Emerging Markets Volatility: A Bit of Perspective

August 16th, 2018

China, Turkey, Russia, Brazil, and Argentina are among the countries involved. Stock and bond values in these and other emerging economies have plummeted this year, prompting many to wonder: Is the danger of investing in emerging markets worth the possible return? Yes, is the quick response? While frightening, recent price reductions are not unexpected. Emerging markets have historically been associated with huge price swings, shifting political regimes, and boom-and-bust cycles.

So far in this recent downturn, the majority of the developing market volatility has been focused in a small number of markets. Consider that China, South Korea, Taiwan, India, and South Africa account for 73% of the MSCI Emerging Market Index, the most prominent stock index for emerging markets. For more context, consider how equities markets in nations that have recently made headlines affect performance on the MSCI EM Index:

Countries with Minimal Impact

Turkey [0.7% of the MSCI Emerging Markets Index]: Turkish President Tayyip Erdogan has imprisoned numerous opponents and dissenters while appointing his son-in-law as finance minister with influence over Turkey's central bank. Due to Turkey's large foreign debt - one of the highest among developing nations – and limited foreign currency reserves, investors are fleeing.
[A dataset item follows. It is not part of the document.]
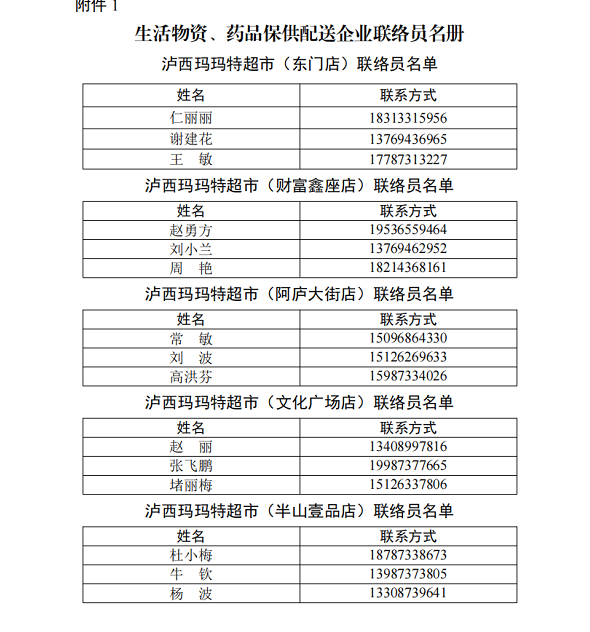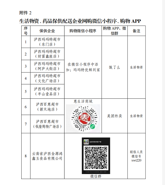 为进一步做好疫情期间生活物资供应保障工作,高效、精准、科学完成配送任务,确保县城区物资供应通畅,县应对疫情工作领导小组指挥部结合片区网格化管理实际,制定本供应方案,现通告如下。原则上按照就近、方便的原则指定相应的超市进行物资配送,减少人员跨片区流动。具体划分如下:(一)泸西玛玛特超市(东门店)负责配送:焰山社区(1—6网格)、新华社区(1—14 网格)、泸东社区(1—5 网格)、民主社区 12 网格。(二)泸西玛玛特超市(财富鑫座店)负责配送:钟秀社区(1—15 网格)、民主社区(2—11、14 网格)。(三)泸西百惠超市(新天地店)负责配送:长安社区(1—19 网格)、民主社区(1、13 网格)、胜利社区(18 网格)。(四)泸西百惠超市(钱隆购物广场店)负责配送:桃笑社区(1—13 网格)、石洞社区(1 网格)、胜利社区(1、4、5网格)。(五)云南省泸西金源鸿鑫玉食品有限公司负责配送:迎宾社区(1—14 网格)。(六)泸西玛玛特超市(阿庐大街店)负责配送:胜利社区(2、3、6—17 网格)。(七)泸西玛玛特超市(文化广场店)负责配送:瓦窑社区(1—12 网格)、阿庐社区(1—8 网格)。(八)泸西玛玛特超市(半山壹品店)负责配送:瓦窑社区(13—16 网格)、阿庐社区(9—17 网格)。(一)生活物资。保供片区责任企业上一天 18 时前在购物微信小程序、美团外卖、饿了么 APP 或客户微信群推送第二天的基本生活物资种类及价格。客户在微信小程序、APP 或微信群完成下单支付,保供责任企业进行配货。注:企业配货人员应标注好住户地址、姓名、联系方式等基本信息方便配送。(二)药品。客户可通过美团外卖、饿了么 APP 选择距住所最近的指定药店下单订购。(一)各保供企业指定专人按地址进行配送,配送至卡点物资存放处(各值守点根据实际地点进行合理设置)联系住户领取物资,特别注意:物资交接时不得直接接触,同时配送员必须对物资外包装进行消毒。(二)配送企业当日接单,于次日进行配送。配送企业接单时间为:8∶00 时至 20∶00 时止。(三)片区内无法使用手机进行支付的特殊人群,由该片区对应网格长帮忙下单购物。(四)配送人员相对固定,开展每日一次的核酸检测,核酸结果正常方可开展配送工作。在配送过程中,需穿戴隔离服、N95 口罩、橡胶手套,原则上不得跨片区配送。原则上住户一次下单能满足 2—3 天基本生活物资的量。在各企业推送的微信小程序、美团外卖、饿了么 APP、微信客户群上进行线上下单、线上支付,不能实现网络购物的住户报片区网格长协调处理。

While there is cause for concern, the Turkish equities market accounts for a relatively minor portion of the MSCI EM Index and does not appear to pose a significant danger of contagion to other emerging market economies.

Russia [3.5 percent of the MSCI EM Index]: The surprise imposition of new US sanctions on Russia for attempting to poison a former Russian spy residing in the United Kingdom caused a slump in the Russian ruble and stock market. Our fund managers have avoided Russia in general, with the little exposure they do have coming from Russian exporters who gain from the ruble's decline. We do not consider Russia to be a systematic risk, and nearly all of our EM managers have underinvested in the nation.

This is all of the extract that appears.